Items from a data source
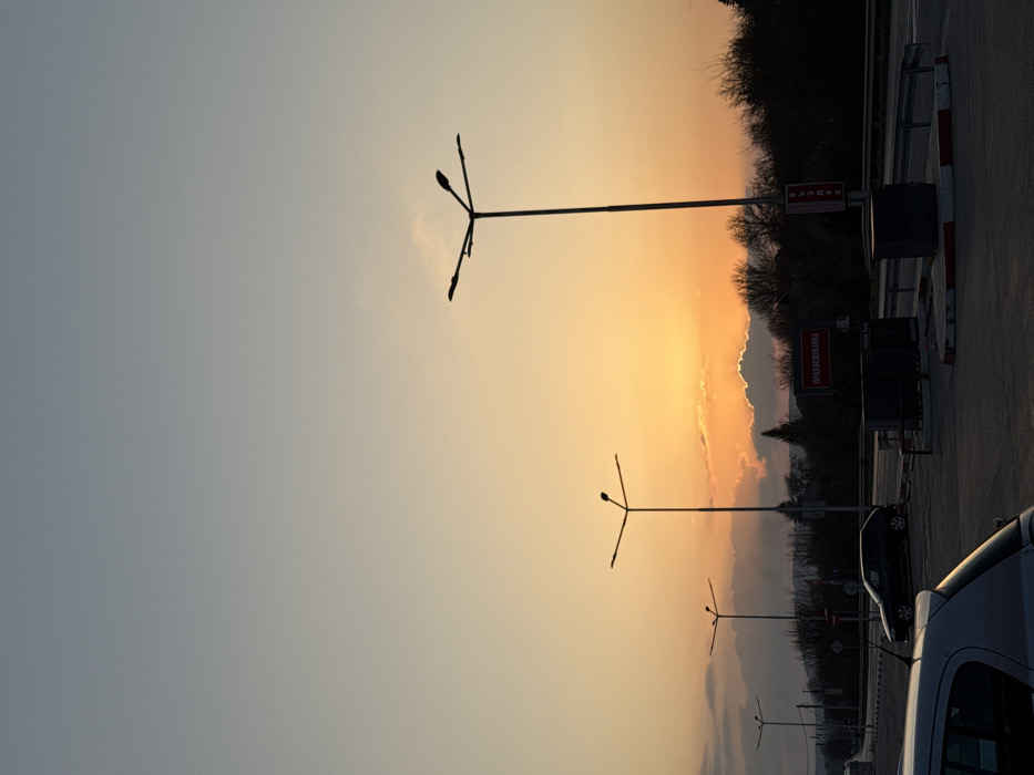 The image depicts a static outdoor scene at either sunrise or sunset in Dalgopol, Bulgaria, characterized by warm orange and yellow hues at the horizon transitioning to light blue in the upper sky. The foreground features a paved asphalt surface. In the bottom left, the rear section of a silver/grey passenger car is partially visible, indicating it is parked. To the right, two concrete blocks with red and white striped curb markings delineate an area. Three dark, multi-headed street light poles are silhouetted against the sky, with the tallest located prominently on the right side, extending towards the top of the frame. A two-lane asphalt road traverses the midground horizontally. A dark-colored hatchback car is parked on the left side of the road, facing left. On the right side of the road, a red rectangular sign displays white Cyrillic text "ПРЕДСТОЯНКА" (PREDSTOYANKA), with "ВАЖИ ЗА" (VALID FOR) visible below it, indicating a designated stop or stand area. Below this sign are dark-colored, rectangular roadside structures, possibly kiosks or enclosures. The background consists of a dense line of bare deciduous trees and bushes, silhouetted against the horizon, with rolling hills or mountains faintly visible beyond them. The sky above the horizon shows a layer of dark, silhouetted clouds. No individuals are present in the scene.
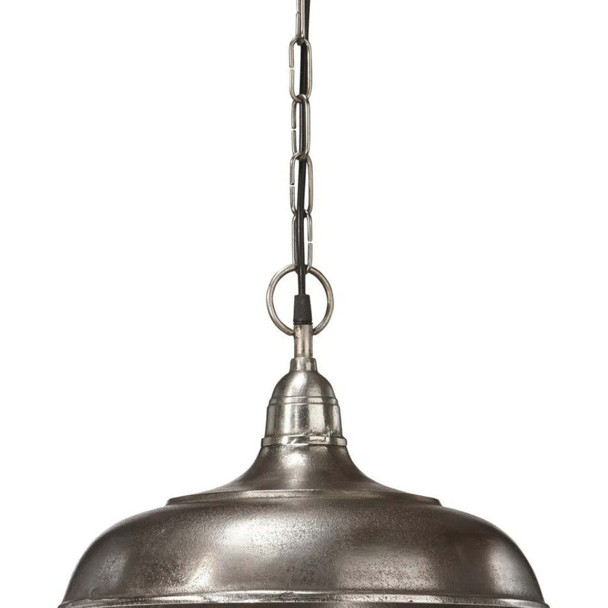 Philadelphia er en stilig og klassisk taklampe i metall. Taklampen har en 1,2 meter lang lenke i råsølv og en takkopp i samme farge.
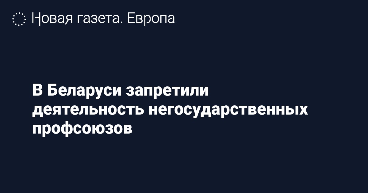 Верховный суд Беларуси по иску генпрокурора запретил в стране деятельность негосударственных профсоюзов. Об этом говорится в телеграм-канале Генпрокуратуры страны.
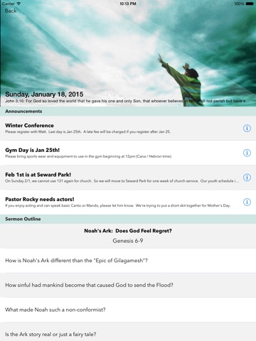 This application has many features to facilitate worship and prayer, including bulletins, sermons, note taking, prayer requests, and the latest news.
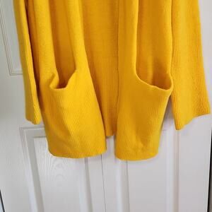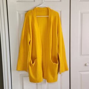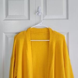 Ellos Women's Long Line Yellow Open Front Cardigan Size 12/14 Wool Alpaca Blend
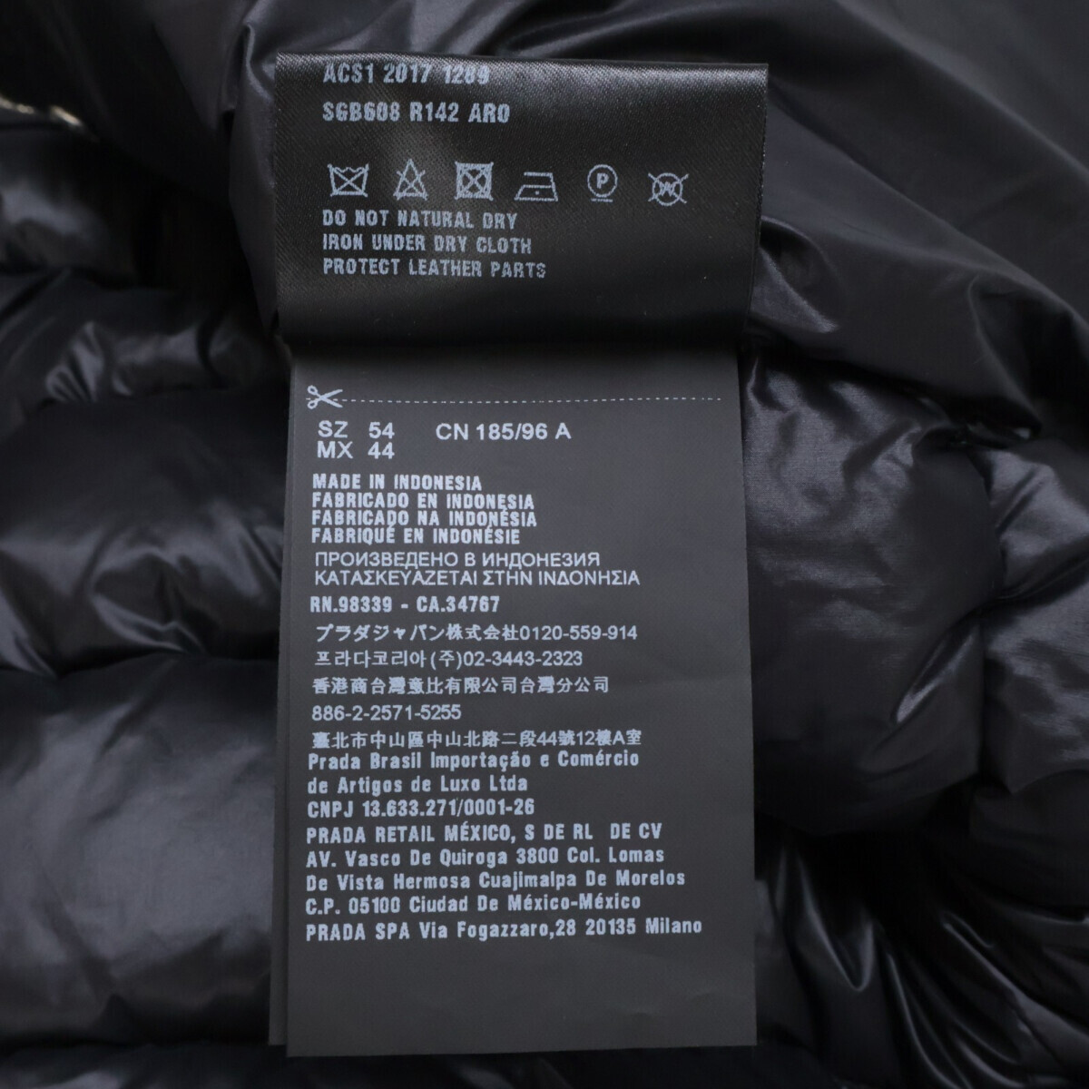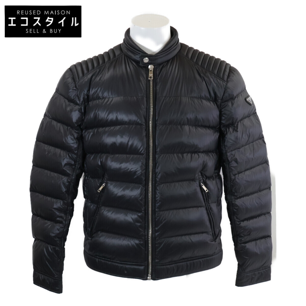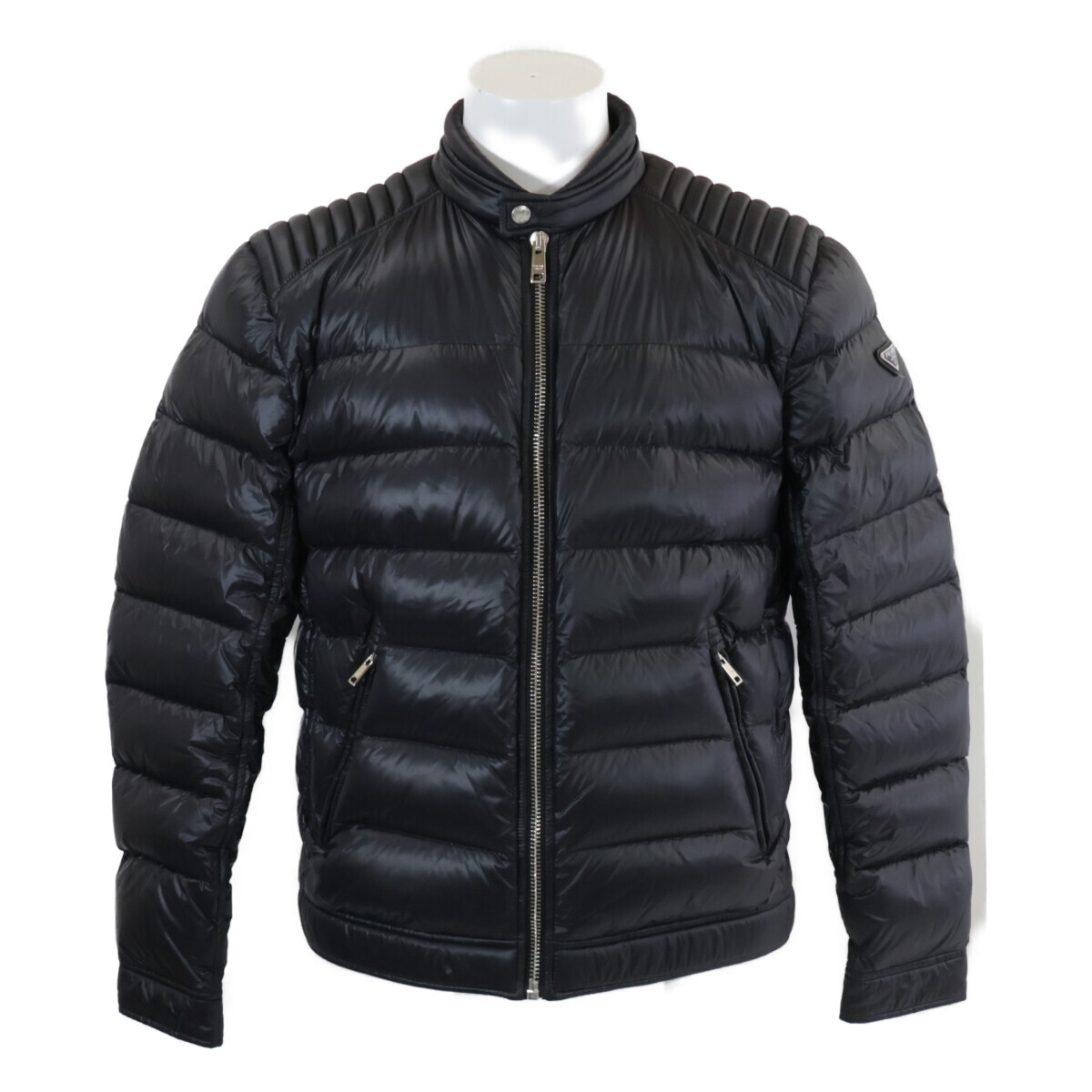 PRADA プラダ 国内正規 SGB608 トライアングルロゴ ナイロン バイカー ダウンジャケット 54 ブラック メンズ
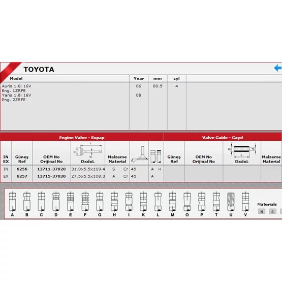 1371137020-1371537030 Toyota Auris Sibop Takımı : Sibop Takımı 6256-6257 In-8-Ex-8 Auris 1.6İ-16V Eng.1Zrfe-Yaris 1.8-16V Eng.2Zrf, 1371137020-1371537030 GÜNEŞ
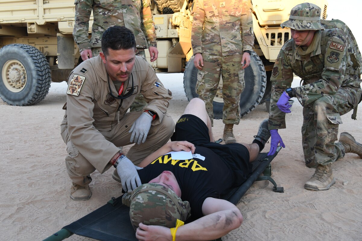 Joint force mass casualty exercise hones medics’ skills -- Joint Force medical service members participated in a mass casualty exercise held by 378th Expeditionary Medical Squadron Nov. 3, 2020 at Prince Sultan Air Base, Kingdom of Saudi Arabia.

## What you will do:
Copy exactly the lines that begin at the one containing "1371137020-1371537030 Toyota Auris" and end at the last line of the records, both included, omitting the pictures.

## Result of this exercise:
 1371137020-1371537030 Toyota Auris Sibop Takımı : Sibop Takımı 6256-6257 In-8-Ex-8 Auris 1.6İ-16V Eng.1Zrfe-Yaris 1.8-16V Eng.2Zrf, 1371137020-1371537030 GÜNEŞ
 Joint force mass casualty exercise hones medics’ skills -- Joint Force medical service members participated in a mass casualty exercise held by 378th Expeditionary Medical Squadron Nov. 3, 2020 at Prince Sultan Air Base, Kingdom of Saudi Arabia.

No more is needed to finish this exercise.